ENTER STAGE LEFT — A CHANGE OF HEART? “We would like the almost impossible to happen … that the U.K. has another referendum,” Maltese Prime Minister Joseph Muscat said on Thursday. Andrej Babiš, from the Czech Republic, also said he is “very unhappy” that the U.K. is leaving the bloc and he would like to see the country hold another referendum that might overturn the result.

No no no no: “I know that for many of you, Brexit is not something you want, but it’s important to be clear: There will be no second referendum in the U.K.,” May told leaders. Also, “We all recognize that time is short but delaying or extending these negotiations is not an option.”

FURTHER READING: David Herzsenhorn and Jacopo Barigazzi have the full wrap-up of what was a rocky mountain summit here. Tom McTague looks at where the two sides now stand on the seemingly intractable Irish border issue. And tune in this morning when POLITICO reporters discuss the Salzburg summit and more at 11 a.m. on Facebook Live.

THE REAL SALZBURG DRAMA: You may think Brexit and migration were enough, but as David and Jacopo reveal, the real drama happened behind the scenes. First, there was no coffee. Then, “security lines backed up as television journalists argued with guards who wanted to confiscate creams, make-up and shaving kits.” That wasn’t all. “The Wi-Fi crashed. The media center was far too small for the 1,000 journalists in attendance and, thanks to a glass roof and unseasonably warm September weather, it effectively turned the building into a sauna. The breakdowns continued until the very end, when the audio feed failed during German Chancellor Angela Merkel’s closing news conference.”

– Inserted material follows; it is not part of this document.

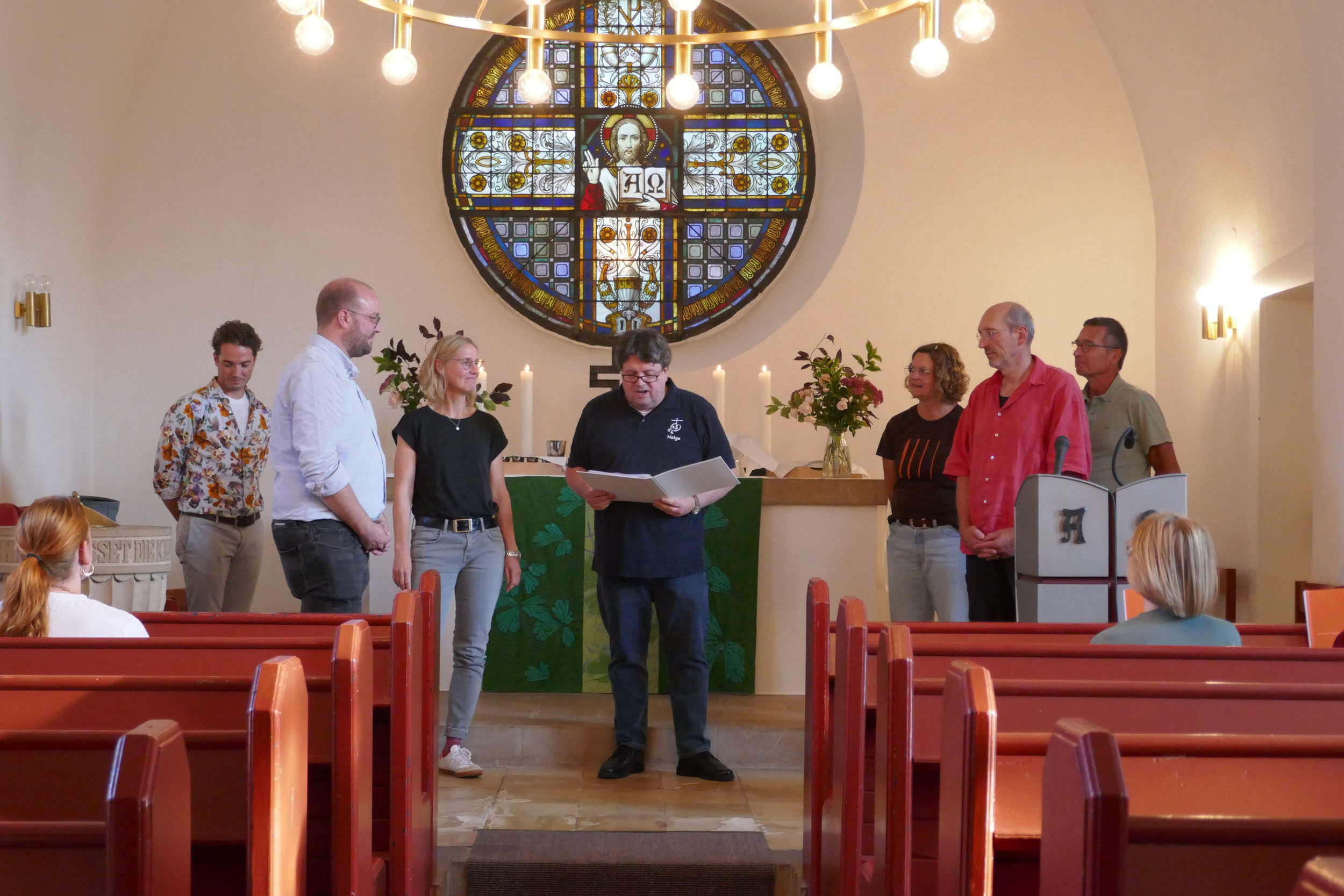 Seit Anfang des Monats ist Philipp Lerke als Diakon im Kirchenkreis Ronnenberg mit Schwerpunkt in der Arbeit mit Konfirmand*innen und dem Kirchenkreisjugenddienst (KJD) tätig. Damit geht er neue Wege in seiner beruflichen Arbeit, die ihn bisher nach Altwarmbüchen und Wettmar führte. Sozusagen ziehe er auch ein neues Gewand an – anknüpfend eine Passage aus dem Epheserbrief der Bibel. Und so zog sich das Gedankenspiel eines neuen Gewandes durch den Einführungsgottesdienst für Philipp Lerke am Sonntag, 22. September, in der Christuskirche in Egestorf. Deutlich wurde auch die Freude über einen neuen Kollegen. „Es ist schön, dass du dich traust, etwas neues anzufangen“, meinte Kirchenkreisjugendpastorin Kristin Köhler, die zusammen mit Sebastian Kühl, Pastor in gleicher Funktion im Kirchenkreis die Feier zusammen mit Mitgliedern der Evangelischen Jugend gestaltete. Sie interviewte Philipp Lerke, um ihn gleichzeitig der vor allem jugendlichen Gemeinde vorzustellen. Das besondere an der Evangelischen Jugend sei für ihn, dass hier jeder und jede willkommen sei und sich zugehörig fühlen können, in aller Vielfalt. Das habe sich für ihn auch zum Beispiel Anfang des Jahres bei den Demos gegen Rechts in Hannover gezeigt, bei denen er auch viele Aktive aus der Evangelischen Jugend getroffen habe. Nach dem Segen für Philipp Lerke für seine neuen Aufgaben sprach Kirchenkreisjugendwart Helge Bechtloff im Kreis der Kolleg*innen ein Grußwort und überreichte einen Rucksack mit hilfreicher Füllung für künftige Freizeiten und Veranstaltungen. „Es ist schön, dass du da bist“, machte er deutlich und freute sich über die Wiederbegegnung mit dem 38-Jährigen, der schließlich vor gut 10 Jahren seine ersten beruflichen Schritte damals im Anerkennungsjahr als Diakon im KJD ging.

Deep breath. “One EU ambassador and one nation’s Europe minister, seeking a bathroom and a glass of water, were blocked from even entering the Felsenreitschule, where leaders ate their Wiener schnitzel.” Still, Donald Tusk was impressed. It was a “remarkable summit,” he said, “truly impressive; the hospitality, the logistics, and it is not an empty compliment. It is one of the best political performances I ever experienced.”


WILL TRUMP LOSE PATIENCE WITH EU TRADE TALKS? Paris is worried that Donald Trump may lose patience with the recently launched trade talks with the EU and renew his threat to impose tariffs on European autos, according to French Ambassador to the U.S. Gérard Araud. “We’re not sure that the president, your president, has the patience really to wait” for a deal that could take a while to negotiate, Araud told reporters at a breakfast organized by the French embassy, Doug Palmer reports for POLITICO Trade and Agriculture and Food Pros. “So the coming months will be critical — whether we have a sort of virtuous negotiation starting between the U.S. and Europe and we forget the tariffs, the threats, the trade war, or whether actually we go back to a trade war.”